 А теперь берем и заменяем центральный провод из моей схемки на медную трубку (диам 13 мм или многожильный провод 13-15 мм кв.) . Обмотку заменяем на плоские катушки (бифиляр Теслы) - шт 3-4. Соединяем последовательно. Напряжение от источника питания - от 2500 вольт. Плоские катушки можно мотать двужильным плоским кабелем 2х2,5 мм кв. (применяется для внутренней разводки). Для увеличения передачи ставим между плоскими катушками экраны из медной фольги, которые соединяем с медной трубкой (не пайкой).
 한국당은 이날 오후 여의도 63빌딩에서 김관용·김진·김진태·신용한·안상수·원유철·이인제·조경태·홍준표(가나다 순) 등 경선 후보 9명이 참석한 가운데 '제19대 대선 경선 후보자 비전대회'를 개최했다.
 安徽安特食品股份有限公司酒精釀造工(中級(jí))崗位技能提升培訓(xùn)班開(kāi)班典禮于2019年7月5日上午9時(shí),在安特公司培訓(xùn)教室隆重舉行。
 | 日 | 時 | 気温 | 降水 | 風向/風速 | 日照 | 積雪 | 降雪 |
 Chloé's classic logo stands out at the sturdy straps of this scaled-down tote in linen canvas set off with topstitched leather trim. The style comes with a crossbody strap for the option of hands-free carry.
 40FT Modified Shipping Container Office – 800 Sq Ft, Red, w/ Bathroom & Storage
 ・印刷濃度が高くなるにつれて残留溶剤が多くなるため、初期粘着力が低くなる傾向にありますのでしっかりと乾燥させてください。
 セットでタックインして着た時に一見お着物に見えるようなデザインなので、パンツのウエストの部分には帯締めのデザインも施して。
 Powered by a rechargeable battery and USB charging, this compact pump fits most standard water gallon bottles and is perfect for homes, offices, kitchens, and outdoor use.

...

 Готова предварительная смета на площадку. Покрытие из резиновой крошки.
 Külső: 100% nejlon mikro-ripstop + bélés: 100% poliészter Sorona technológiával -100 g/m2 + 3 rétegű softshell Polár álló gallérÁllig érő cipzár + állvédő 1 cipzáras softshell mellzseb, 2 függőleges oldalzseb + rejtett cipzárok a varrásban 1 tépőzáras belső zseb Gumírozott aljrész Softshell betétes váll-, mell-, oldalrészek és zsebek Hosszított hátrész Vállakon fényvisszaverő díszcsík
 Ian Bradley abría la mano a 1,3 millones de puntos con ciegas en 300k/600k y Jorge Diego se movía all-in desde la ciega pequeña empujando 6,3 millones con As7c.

**EXERCISE**
Where the line holding "Külső: 100% nejlon" appears in the listing above, start reproducing exactly, and end with the line holding "Ian Bradley abría".

**EXERCISE RESULT**
 Külső: 100% nejlon mikro-ripstop + bélés: 100% poliészter Sorona technológiával -100 g/m2 + 3 rétegű softshell Polár álló gallérÁllig érő cipzár + állvédő 1 cipzáras softshell mellzseb, 2 függőleges oldalzseb + rejtett cipzárok a varrásban 1 tépőzáras belső zseb Gumírozott aljrész Softshell betétes váll-, mell-, oldalrészek és zsebek Hosszított hátrész Vállakon fényvisszaverő díszcsík
 Ian Bradley abría la mano a 1,3 millones de puntos con ciegas en 300k/600k y Jorge Diego se movía all-in desde la ciega pequeña empujando 6,3 millones con As7c.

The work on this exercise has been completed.